Regarding marshaling back to JSON, the correct format should be used.
This is how I have defined it in my struct
:
Time time.Time `json:"time"`
So the question is, what is the "Go" way of doing this?
Also in my code example I am using RFC3339Nano
. How would I specify that in the metadata for the struct as well? As I have it now with just json:"time"

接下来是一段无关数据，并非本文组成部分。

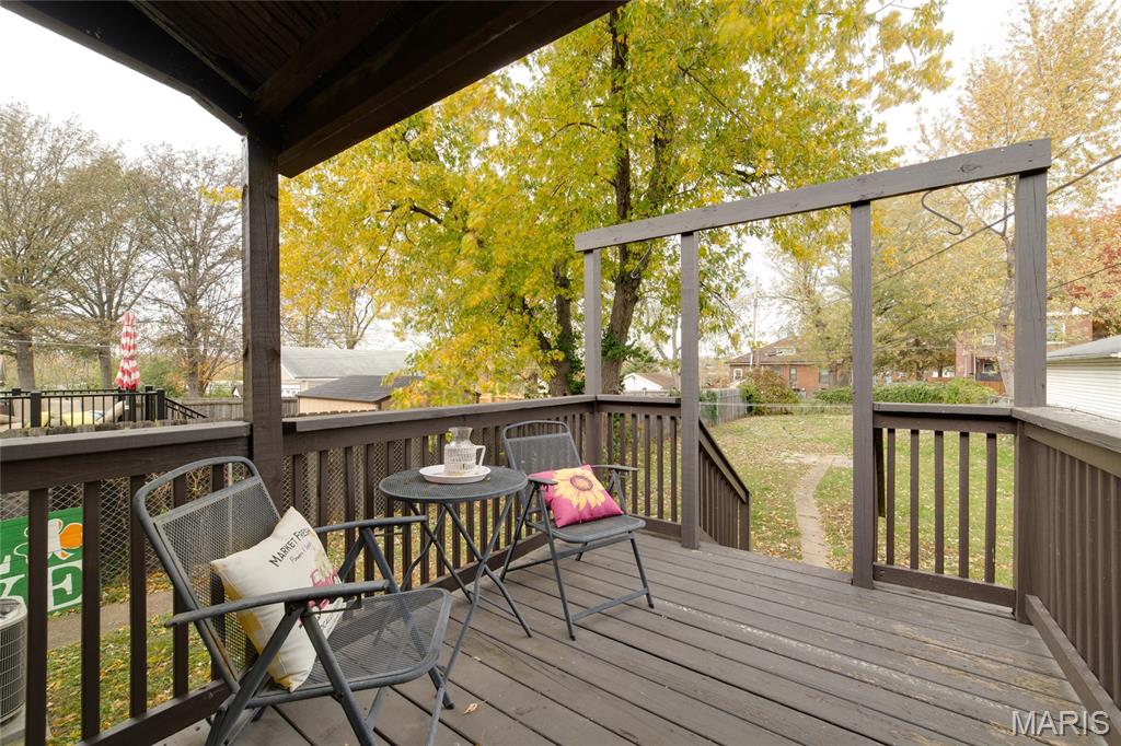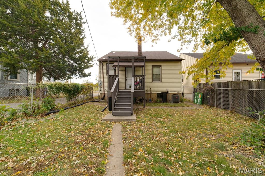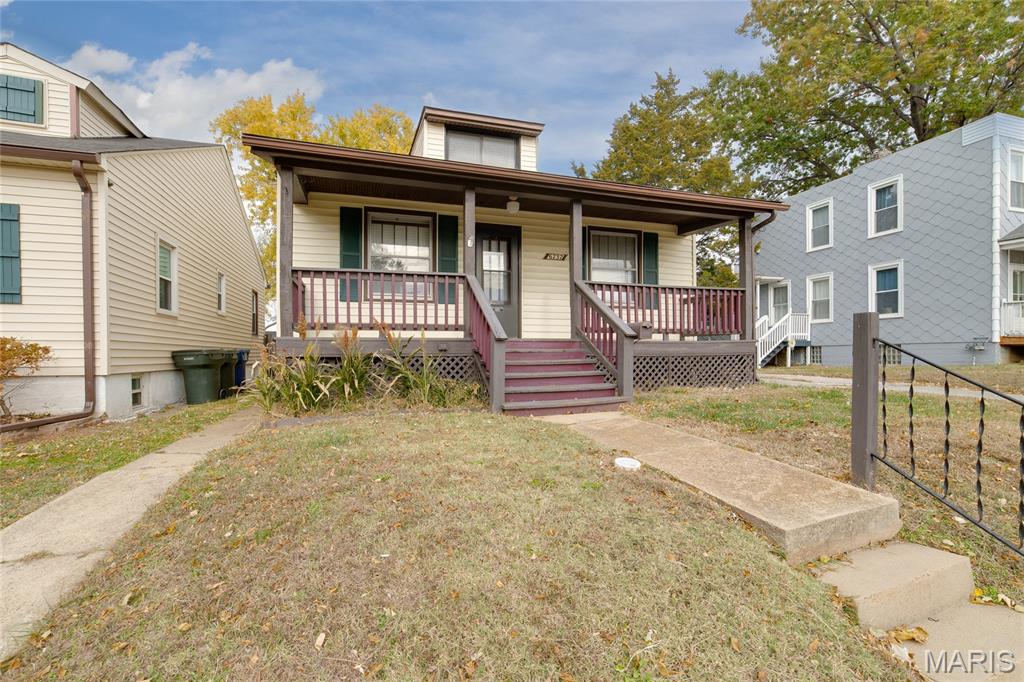 This charming 1923 bungalow in the Ellendale neighborhood, near the heart of Dogtown, offers recent updates while maintaining original character with lovely features, like striking stained-glass windows and exposed brick. A full, covered front porch welcomes you home, and through the door, the front room greets you with lovely design and light, flowing into the dining room. Both main-level bedrooms are generously sized and share a full bath. A darling kitchen is positioned to serve both indoor and outdoor areas, with door to the back deck and yard. A unique spiral staircase leads to a 440sf upper-level main bedroom suite with full bath, window-seat reading nook, its own mini-split HVAC unit, and lots of storage. The basement holds potential for improvements, with walk-up access to a level fenced backyard; W/D hook up. Street parking-only is no issue on a non-through street. Great access to St. Louis life, highways and major thoroughfares.

will that ignore the nano seconds?
You can define your own time
field type that supports both formats:
type MyTime struct {
time.Time
}
func (self *MyTime) UnmarshalJSON(b []byte) (err error) {
s := string(b)
// Get rid of the quotes "" around the value.
// A second option would be to include them
// in the date format string instead, like so below:
// time.Parse(`"`+time.RFC3339Nano+`"`, s)
s = s[1:len(s)-1]
t, err := time.Parse(time.RFC3339Nano, s)
if err != nil {
t, err = time.Parse("2006-01-02T15:04:05.999999999Z0700", s)
}
self.Time = t
return
}
type Test struct {
Time MyTime `json:"time"`
}
In the example above we take the predefined format time.RFC3339Nano
, which is defined like this:
RFC3339Nano = "2006-01-02T15:04:05.999999999Z07:00"
and remove the :
"2006-01-02T15:04:05.999999999Z0700"
This time format used by time.Parse
is described here:
https://golang.org/pkg/time/#pkg-constants
Also see the documentation for time.Parse
https://golang.org/pkg/time/#Parse
P.S. The fact that the year 2006
is used in the time format strings is probably because the first version of Golang was released that year.
这篇关于解组日期格式不正确的日期的文章就介绍到这了,希望我们推荐的答案对大家有所帮助,也希望大家多多支持IT屋!